- **Work order**: The copy must match the data word for word and contain no pictures.

- **Source material**:
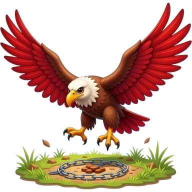 Sampati, the giant vulture prince with red wings, watchful eyes from the sky, clearing traps below, fierce expression, sunny sky background, card game style. emoji
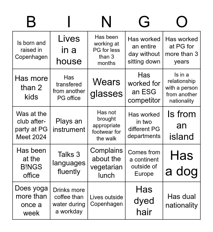 This bingo card has a free space and 24 words: Talks 3 languages fluently, Drinks more coffee than water during a workday, Wears glasses, Does yoga more than once a week, Has worked at PG for more than 3 years, Is born and raised in Copenhagen, Has more than 2 kids, Lives in a house, Has worked in two different PG departments, Complains about the vegetarian lunch, Has worked for an ESG competitor, Was at the club after-party at PG Meet 2024, Comes from a continent outside of Europe, Has a dog, Has transfered from another PG office, Has dyed hair, Is from an island, Has been working at PG for less than 3 months, Is in a relationship with a person from another nationality, Plays an instrument, Has dual nationality, Has been at the B!NGS office, Has worked an entire day without sitting down and Lives outside Copenhagen.
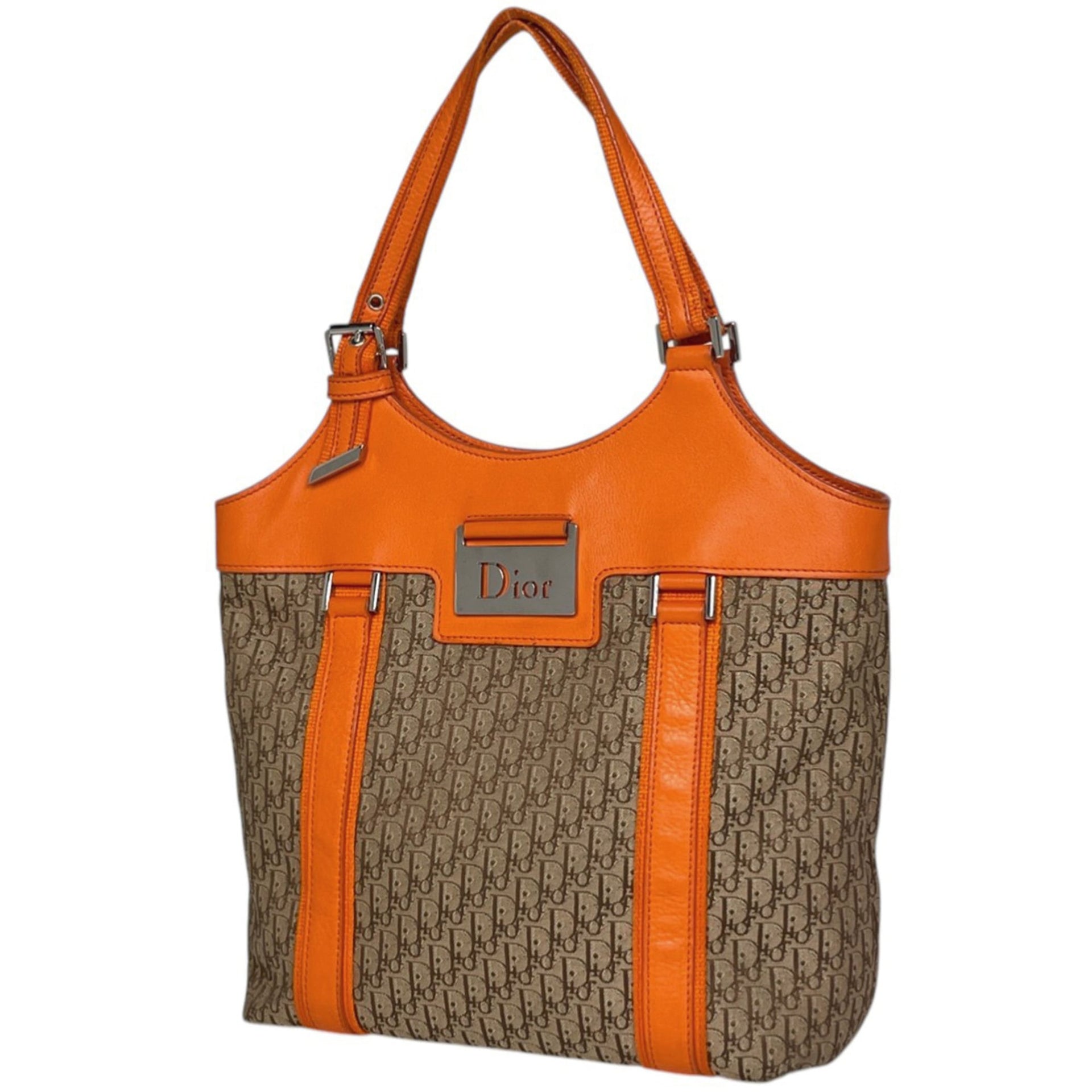 Christian Dior Street Chic Handbag, Trotter Pattern, Canvas, Orange Brown, Women\'s

- **Reply**:
 Sampati, the giant vulture prince with red wings, watchful eyes from the sky, clearing traps below, fierce expression, sunny sky background, card game style. emoji
 This bingo card has a free space and 24 words: Talks 3 languages fluently, Drinks more coffee than water during a workday, Wears glasses, Does yoga more than once a week, Has worked at PG for more than 3 years, Is born and raised in Copenhagen, Has more than 2 kids, Lives in a house, Has worked in two different PG departments, Complains about the vegetarian lunch, Has worked for an ESG competitor, Was at the club after-party at PG Meet 2024, Comes from a continent outside of Europe, Has a dog, Has transfered from another PG office, Has dyed hair, Is from an island, Has been working at PG for less than 3 months, Is in a relationship with a person from another nationality, Plays an instrument, Has dual nationality, Has been at the B!NGS office, Has worked an entire day without sitting down and Lives outside Copenhagen.
 Christian Dior Street Chic Handbag, Trotter Pattern, Canvas, Orange Brown, Women\'s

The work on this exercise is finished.